* Obama to focus on economy in State of the Union address
* Goodyear profit tops estimates, but tire company cuts
* Coca-Cola shares dip; emerging markets sales offset Europe
* Major indexes little changed
By Rodrigo Campos
NEW YORK, Feb 12 (Reuters) - U.S. stocks were little changed
on Tuesday, hovering near multi-year highs as traders awaited
President Barack Obama's State of the Union address.
The economy will be one of the main topics of Obama's speech
at 9 p.m. (0200 GMT Wednesday). Investors will listen for any
clues on a deal with Republicans in Congress to avert automatic
spending cuts due to take effect March 1.
The S&P 500 has risen in the past six weeks and is up more
than 6 percent so far this year. Despite a dip in volume Monday
and the sideways move this week the market is showing technical
strength as it digests the recent gains.
"It's positive we haven't seen an urge to take profits after
the run-up we had recently," said Peter Jankovskis, co-chief
investment officer at OakBrook Investments in Lisle, Illinois.
He said it was natural for the market to be pausing amid a
lack of major economic data points and with earnings season
winding down, and markets will be attentively watching Obama's
speech in Washington.
The Dow Jones industrial average rose 7.6 points or
0.05 percent, to 13,978.84, the S&P 500 lost 0.27 points
or 0.02 percent, to 1,516.74 and the Nasdaq Composite
dropped 1.41 points or 0.04 percent, to 3,190.59.
Coca-Cola Co shares fell 1.5 percent to $38.04 after
the world's largest soft drink maker reported quarterly earnings
that were slightly better than expected as strength in emerging
markets offset a decline in European business.

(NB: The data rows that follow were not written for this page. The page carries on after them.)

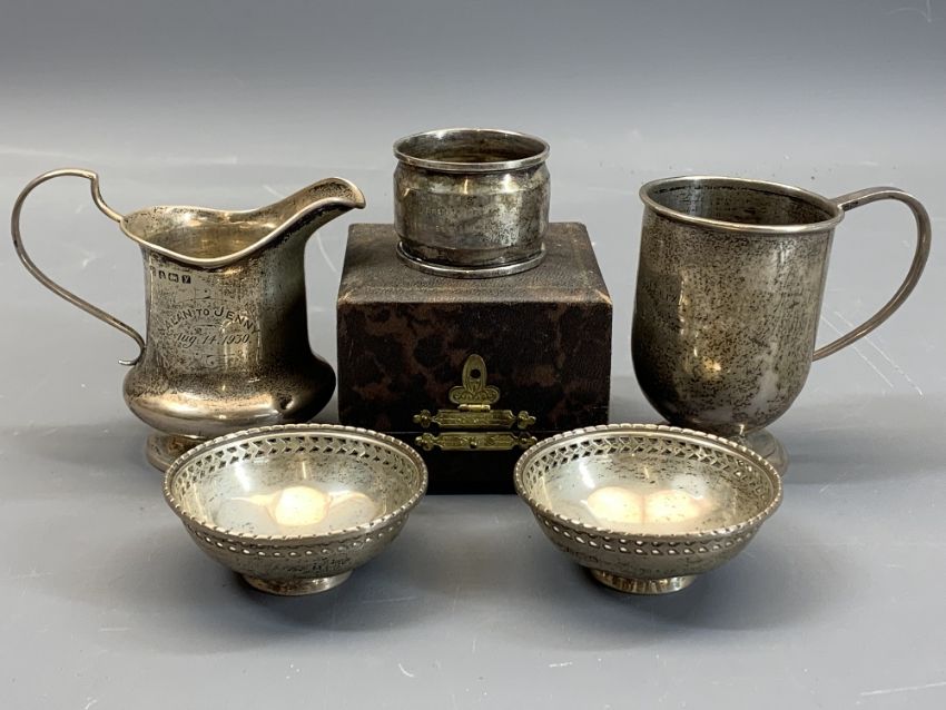 SMALL SILVER, 5 ITEMS - all having Birmingham hallmarks to include an 8.5cms H cream jug 1923, Maker A & J Zimmerman Ltd, inscribed 'Alan to Jenny August 14 1930', 8cms H christening tankard, 1929 Maker John Rose inscribed to the front 'Geoffrey Felix September 13th 1933', boxed napkin ring, 1932, same maker and inscription as the tankard, and 2 x 6.5cms diameter bowls, 1931, Maker Adie Brothers Ltd, 7.1ozt gross
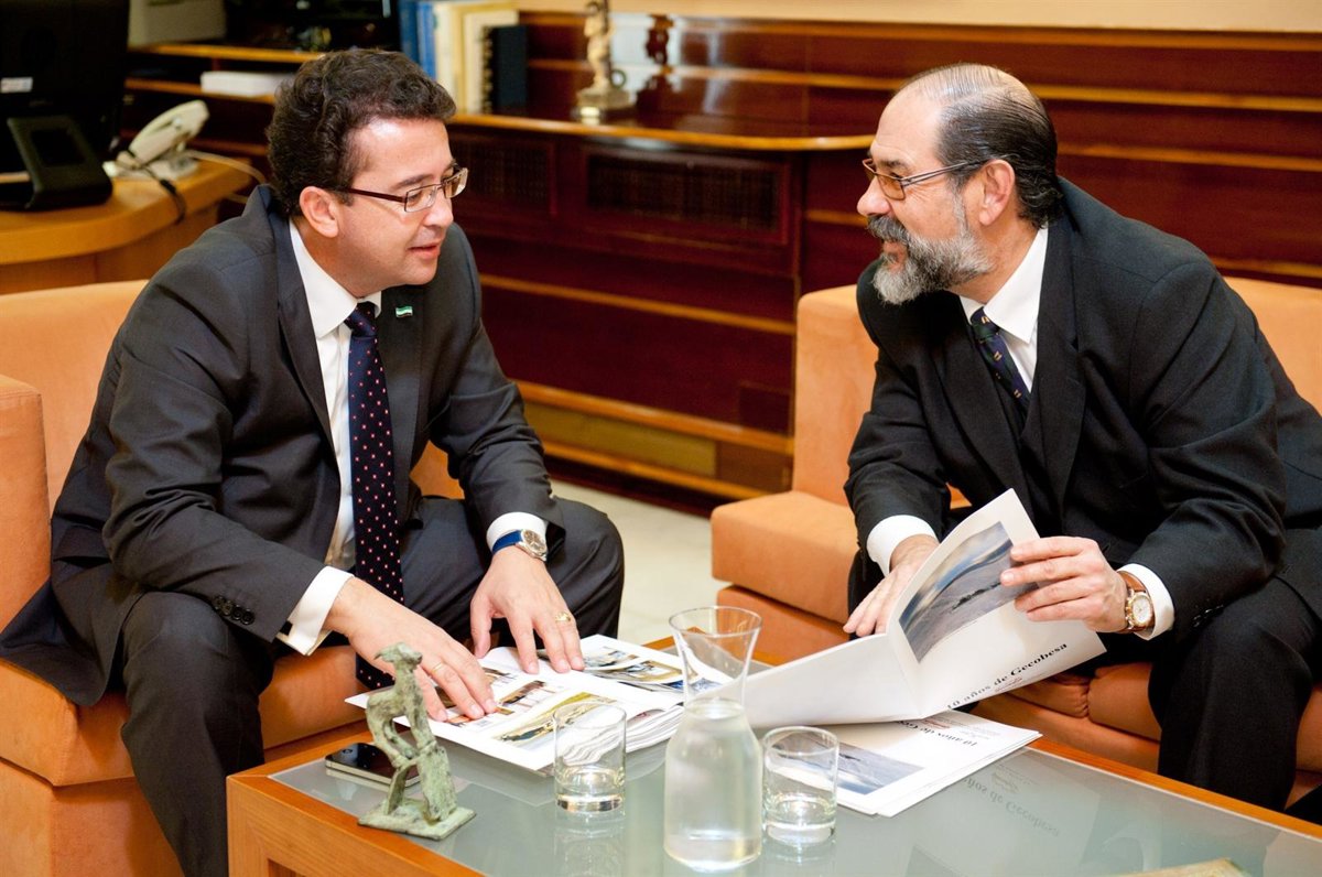 Manzano ha recibido este viernes al director Comercial y de Comunicación de Gecobesa, empresa gestora de la Estación de Esquí de la Covatilla, Alberto Segade, quien ha presentado los acuerdos aprobados en plenos municipales de los ayuntamientos extremeños de la zona para instar a las instituciones autonómicas a que impulsen esta actividad empresarial.
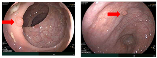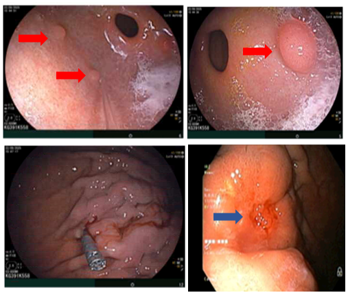 Hình 3. Hình ảnh các polyp rải rác ở đại tràng (mũi tên đỏ)
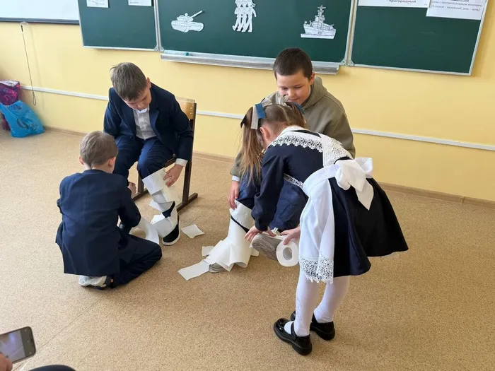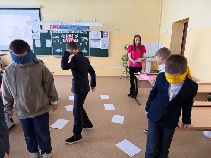 Школьники участвовали в весёлых испытаниях: «Солдат умом богат», «Собери волю в кулак», «Шифровальщик», «Попади в цель», «Разведка донесла», «Помоги саперу», «Намотай портянки».
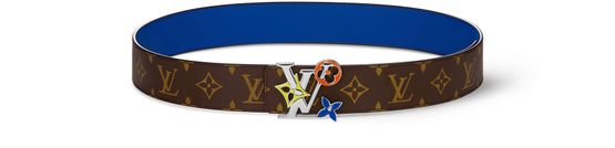 <p>The eye-catching LV Blossom 40mm Reversible Belt offers a fresh interpretation of the iconic LV Initials. With a strap that reverses from Monogram canvas to bright blue nappa leather, this finely crafted accessory features a silver-finish signature buckle adorned with enamelled Monogram Flower charms in colours that coordinate with the season’s LV Trainers. |
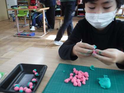 巨匠展に向けて作品の制作を始めました。今年の北上支部のテーマは「〇〇パーク!」そらいろは,水族館・スポーツパーク・くだものパークを作ります。「今日の図工,楽しい!」と作っていくのを楽しみました。
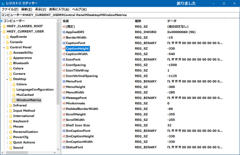 2. 「ReMetrics」というフリーソフトで元の値に戻す
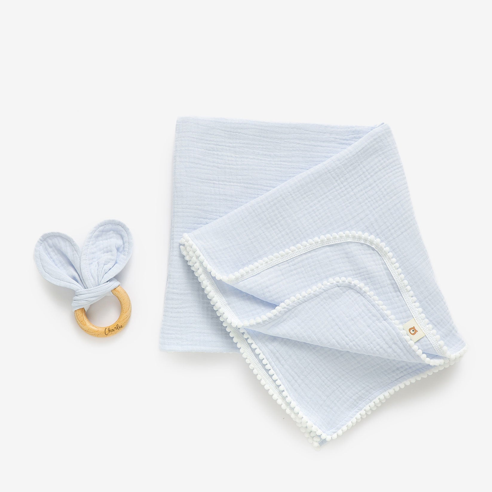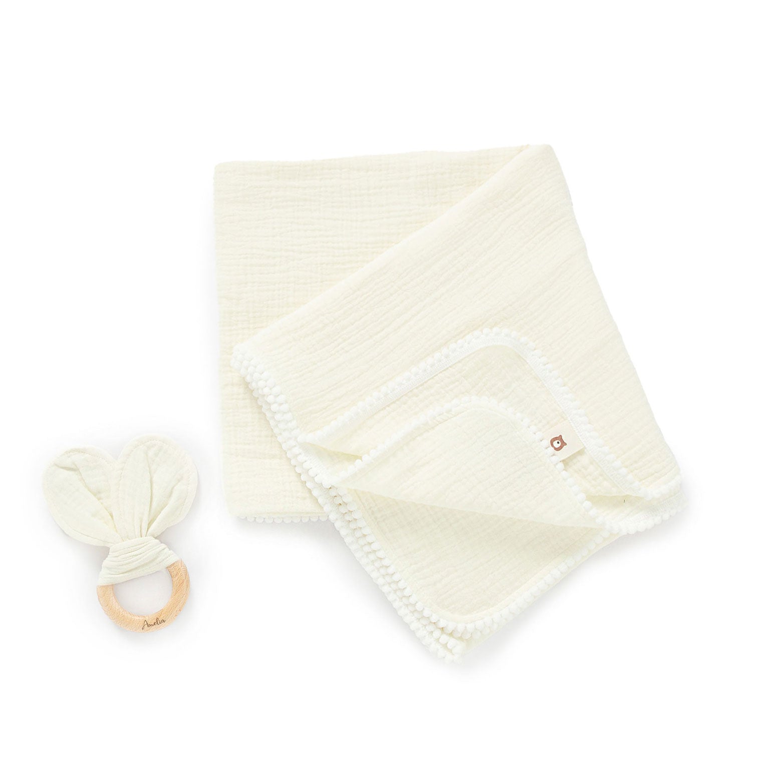 JBørn's matching set of a muslin blanket & teether. We use 100% Super Soft Organic Cotton for the muslin blanket and teether ears, along with sanded-down beech wood which is naturally antibacterial.
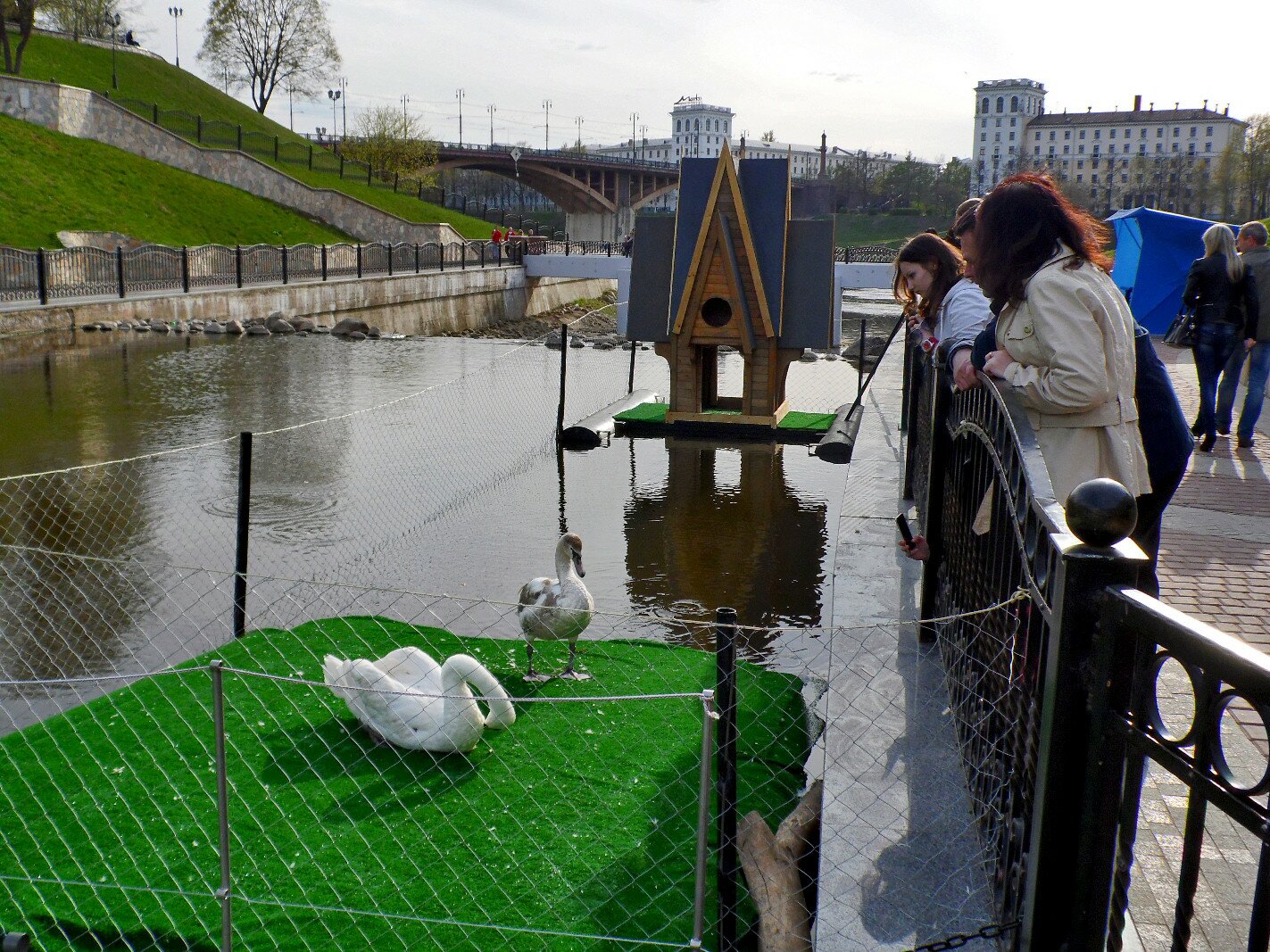 Оказалось, что в деревянном тереме, недавно установленном в устье Витьбы, будут жить два лебедя. Пара белоснежных птиц совсем не боится людей и с удовольствием позирует перед фотоаппаратами.
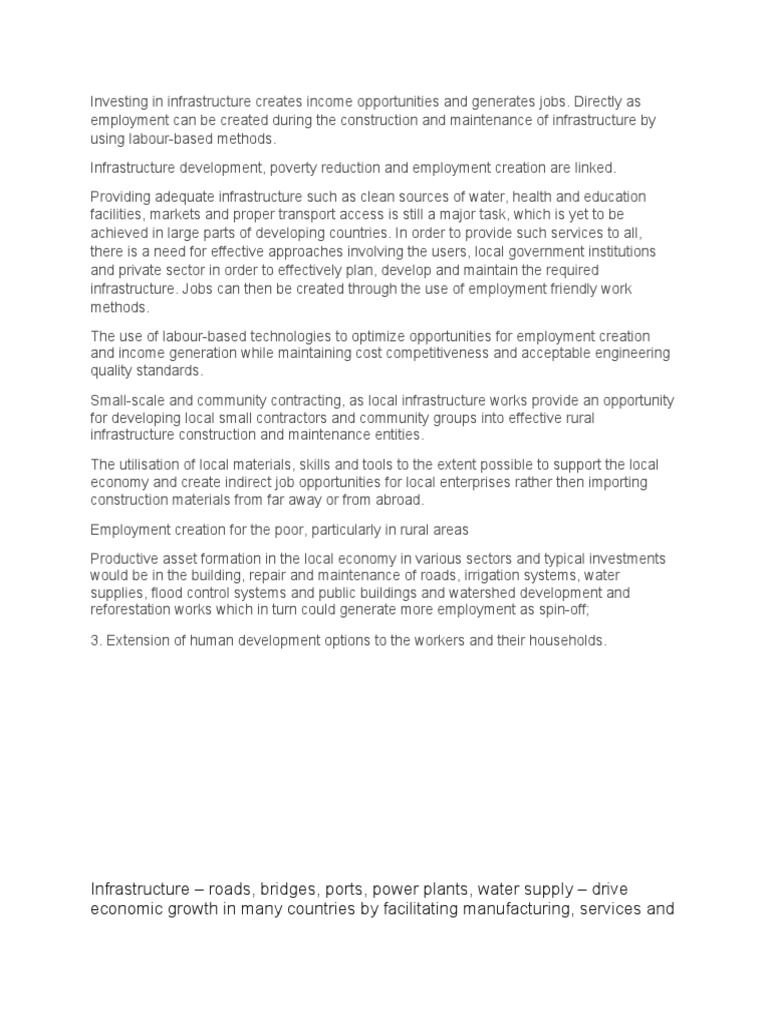 infrastructure. Jobs can then be created through the use of employment friendly work

Avon Products shares jumped 13.4 percent to $19.59
after the beauty products company reported a
better-than-expected quarterly profit.
Goodyear Tire & Rubber shares fell 4.6 percent to
$13.27 after it posted a stronger-than-expected quarterly profit
but cut its 2013 forecast due to weakness in the European
Michael Kors Holdings shares soared 12 percent to
$63.82 after the fashion company handily beat Wall Street's
estimates and raised its full-year outlook.